Kitty, we agreed, as well as synaesthesia, had post-natal depression, and possibly underlying problems as well, maybe some form of Aspergers syndrome. We discussed synaesthesia, what it is, how it reflects in the book (the general opinion was that the theme of ‘colour’ was not carried through very well), and how it compares with, for instance, Mark Haddon’s The Curious Incident of the Dog in the Night-time, whose narrator is on the autism spectrum. We talked about the idea that Kitty’s very odd upbringing resulted in her becoming a very odd person; how she had counselling but it didn’t seem to be helping much; and her relationship with her husband, who was surprisingly empathetic towards her despite having some issues himself, possibly OCD. At the end of the book, we thought, despite the traumatic events that happened, Kitty seemed to have gone through some process of adjustment and emerged better able to see things as they were. Did all this make for a long, searching account of an interesting character and the deep themes of childlessness, loss of a child, and different aspects of mental health, or not? We weren’t really sure.

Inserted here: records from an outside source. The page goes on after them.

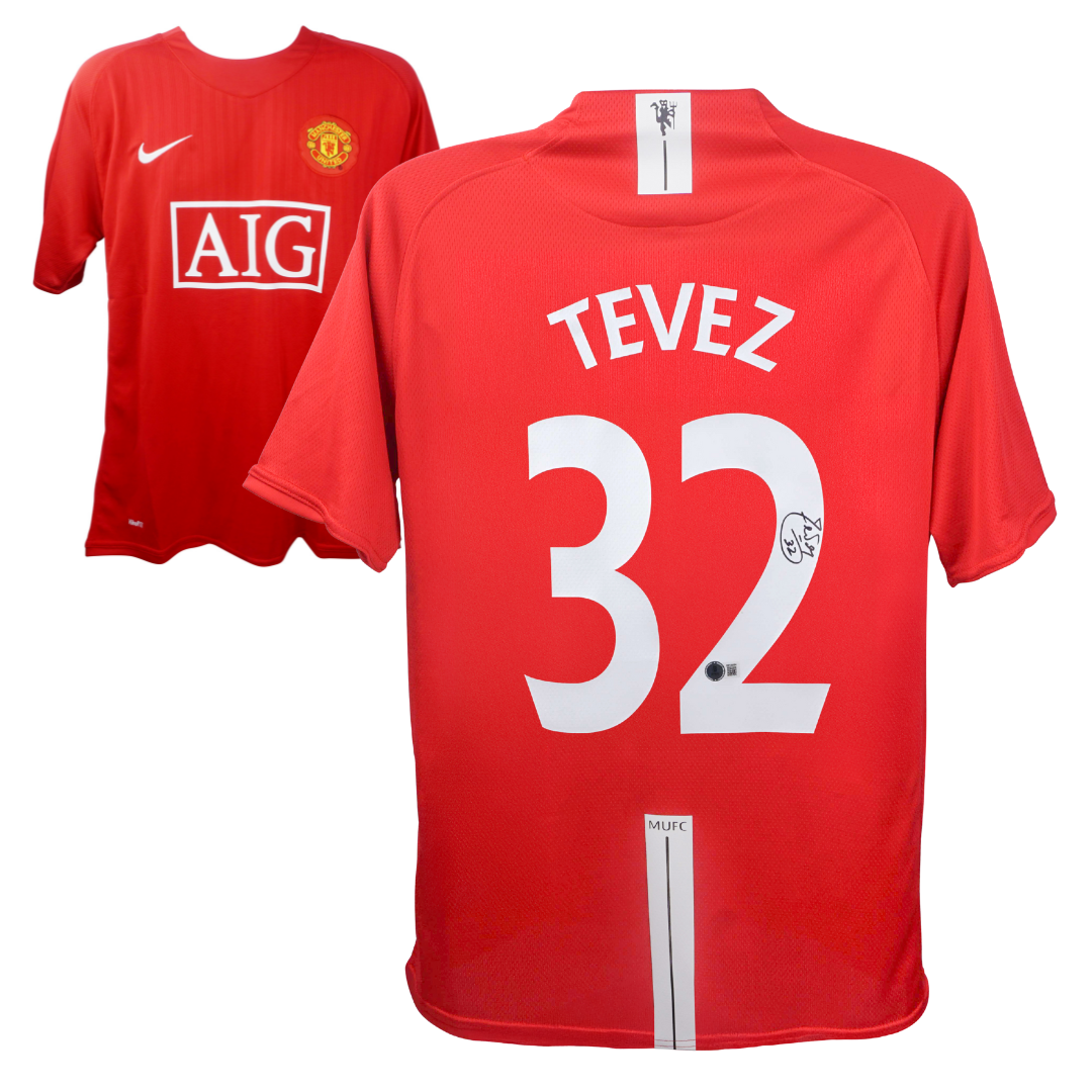 Carlos Tevez Signed Manchester Utd Home Soccer Jersey #32 with Beckett Witness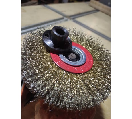 Как собственно товару - пять звёзд. Как товару под мою задачу - всё-таки четыре. Иииии пока болгарка остывает в холодильнике (да-да, приходится иногда использовать такой способ спасения инструмента))), поделюсь деталями. Мне нужна была щётка для браширования лиственницы. По ощущениям, это должно было быть нечто очень мягкое, хотя и стальное. Как оценить мягкость железной щетки объективно?.. С китайцами - никак! Пришлось заказать штук десять щеток в магазин (какое ж счастье, что ВИ ещё не берет плату за возвратную логистику!.. тьфу-тьфу-тьфу...) и изучить китайских близнецов со всем пристрастием. В итоге, было установлено, что щетки с проволокой 0.2 ничуть не мягче, чем 0.3 (ну, это ещё если верить их, китайским, микрометрам))). А закономерно мягче те, где диаметр и ширина щетины больше, а шпиндель меньше. Неочевидный параметр - ширина щетины. Но чем она шире, тем пятно контакта больше, а давление, соответственно, меньше. Что в итоге - в итоге эта щётка оказалась самой мягкой из всех близнецов - у нее наибольшая лохматость в пятне контакта, а шпиндель на добрых 20 мм меньше аналогов. Удивительным (!!!) бонусом оказалось наличие в коробке удлиненной план-шайбы для посадки щетки на болгарку: а я-то всё ломал голову, как такую толщину зажать... Ни у одной другой щетки такого бонуса не было. Так что в итоге за исполнение собственно товара - твердая пятерка. А теперь почему четверка за применение к моей задаче. Всё-таки, она слишком твердая для браширования лиственницы. Если ставить минимальные обороты (болгарка AEG 125, обороты "A"), и давить усилием в 1.5-2 веса болгарки (ну то есть, в общей сумме как раз килограмма 1.5-2), то щётка отлично чешет. Если хоть чуть больше надавить - уже видимо царапает твердые слои древесины. Так что именно для браширования щётка всё-таки жестковата. Ну и, пожалуй, косвенным признаком чрезмерной жёсткости щетки является и то, что болгарка отдыхает в холодильнике: уже на 7-ой дощечке 700х60 она стала чересчур горячей. Для остужения нужны бы обороты, а добавить их невозможно - щётка начинает слизывать то, что слизывать не должна.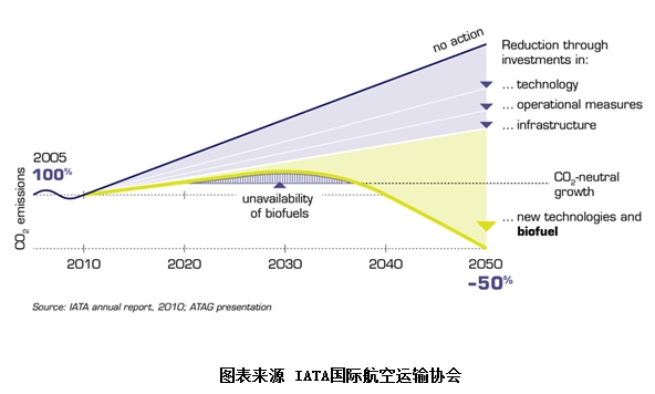 以下圖表顯示的是國際航空運(yùn)輸協(xié)會(IATA)的二氧化碳減排戰(zhàn)略,計劃在2005年到2050年期間減少一半的排放量↓↓↓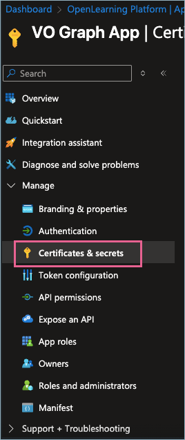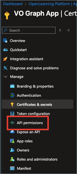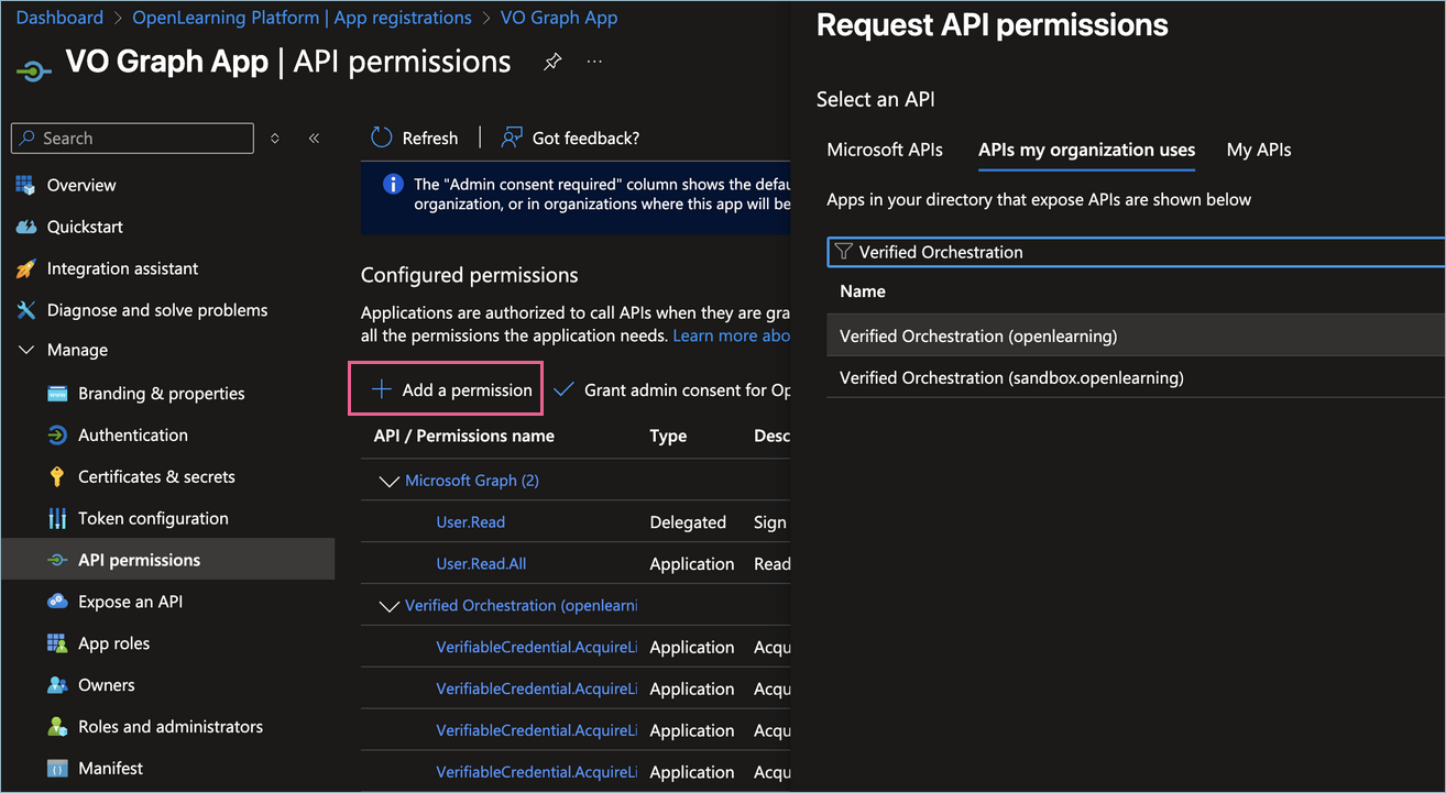 To complete the connection between the OpenLearning VO Credentials app and your VO instance in Microsoft Entra ID, your VO instance must include the required Application Roles. To configure these roles, please follow the steps outlined in this section How to set up the required Application Roles in the Microsoft Azure Entra ID Portal?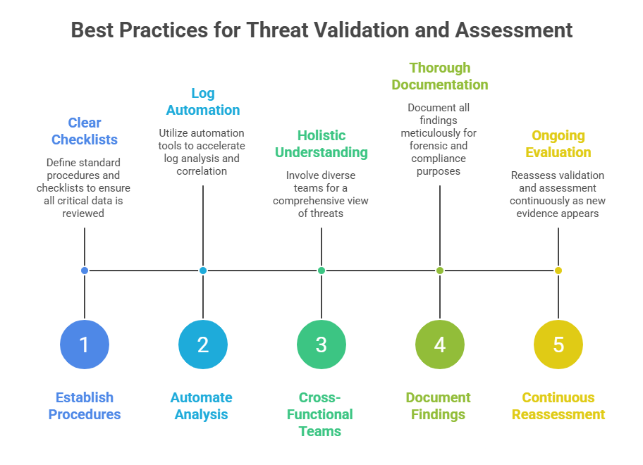 The validation phase involves verifying the security event using multiple techniques to ascertain its legitimacy: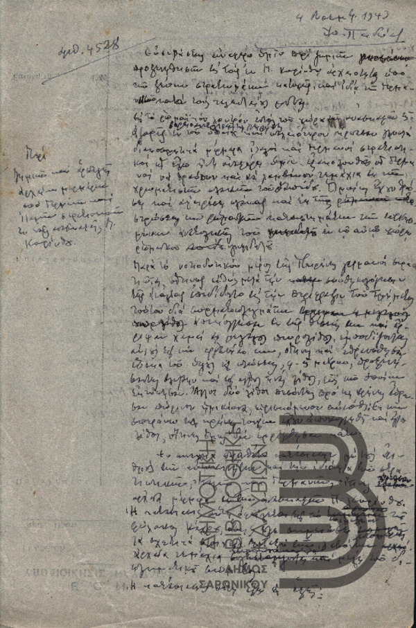 Επιστολή Χ. Πέτρου-Μεσογείτη προς το Υπουργείο Παιδείας με θέμα "Περί ζημιών και αρπαγών αρχαίων από Γερμανούς και Ιταλούς στρατιώτες στην Παλαιά Κόρινθο" [1943-11-04]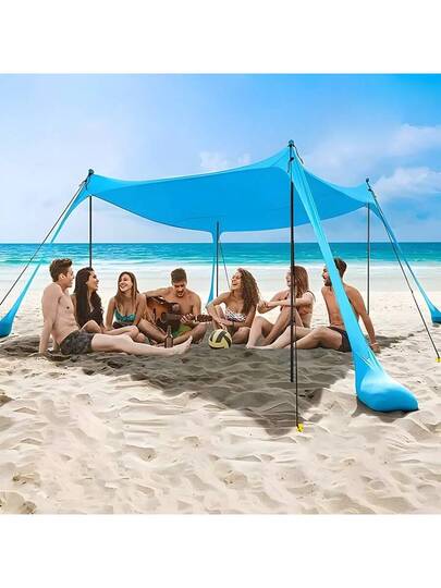沙滩帐篷,露营遮阳棚 UPF50+,配有 4 个沙袋、地钉和稳定杆,户外遮阳沙滩篷,适合露营旅行、钓鱼、后院娱乐或野餐 - 彩色 - 查看 8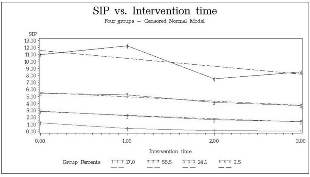 All four groups best fitting the trajectory model and SIP scores across the years decreased their SIP scores. The four defined trajectory groups included stable low (group 1 in Figure 2; 17.0%, with a mean decrease of 3.8 points across the years), stable medium (55.5%, mean decrease 1.3), stable high (24.1%, mean decrease 1.2) and very high decreasing (3.5%, mean decrease 2.3). The high decreasing group showed increases in SIP scores for years 1 and 3, but showed an overall decrease.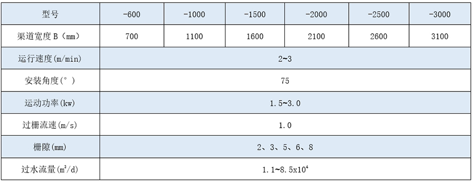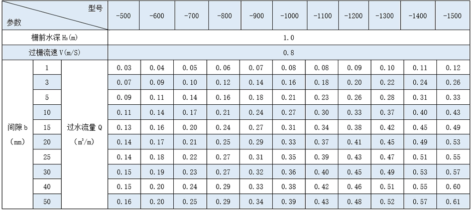 注:表中流量按栅前水深1米计。具体处理量根据实际要求定制。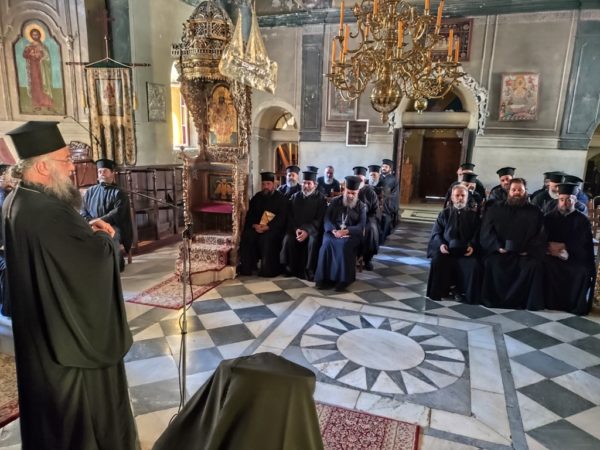 Τέλος, ο Σεβασμιώτατος, μιλώντας στους Πατέρες – πολλοί από τους οποίους αποτελούν δικές του χειροτονίες – ευχαρίστησε όσους τον προσφώνησαν και, με διάθεση εξομολογητική, αναφέρθηκε στην πορεία του ως κληρικού για περισσότερα από πενήντα χρόνια και ως Επισκόπου της ακριτικής Ιεράς Μητροπόλεως Σάμου, Ικαρίας και Κορσεών.

Various points from the narrative were singled out: for instance, the scene in which Kitty’s mother returns to the family, in the middle of a funeral, and she and Kitty’s father start bickering with each other, was felt to be unconvincing or at least underpowered. There was a similar reaction to Kitty’s father’s casual announcement that Kitty’s real mother was her sister Dinah. Kitty’s abduction of Megan, the difficult teenager, was also thought to be too far-fetched, and merely a means of extending the story.

We talked about the section where Kitty babysits her young nieces and takes them to the theatre without telling anyone, and out of this arose a conversation about ‘the unreliable narrator’. Kitty tells us that she was banned from further contact with the children because of this excursion – but why did she have three tickets to Edinburgh in her pocket at the time? This was never explained. Neither, really, is what happened to the woman Kitty thought was her mother, i.e., Kitty’s father’s wife – did she leave because of her husband’s lovers, was she an alcoholic, or was there some other explanation for her absence? And if we are not being told the ‘truth’ about these matters, how much more of the narrative is open to question? For instance, the opening scenes, where Kitty is waiting outside a school for a child, Henry, who does not actually exist – are obviously a fantasy in their own right, though for very understandable reasons.

A story for its time (published 2003), one reader commented, when mental health, PTSD and miscarriage was finally being talked about more openly.

At the end of the discussion one reader mentioned that the Daily Mail’s review of the book, on its back cover, says it is ‘deceptively simple’. We disagreed with this and considered the book deceptively complicated.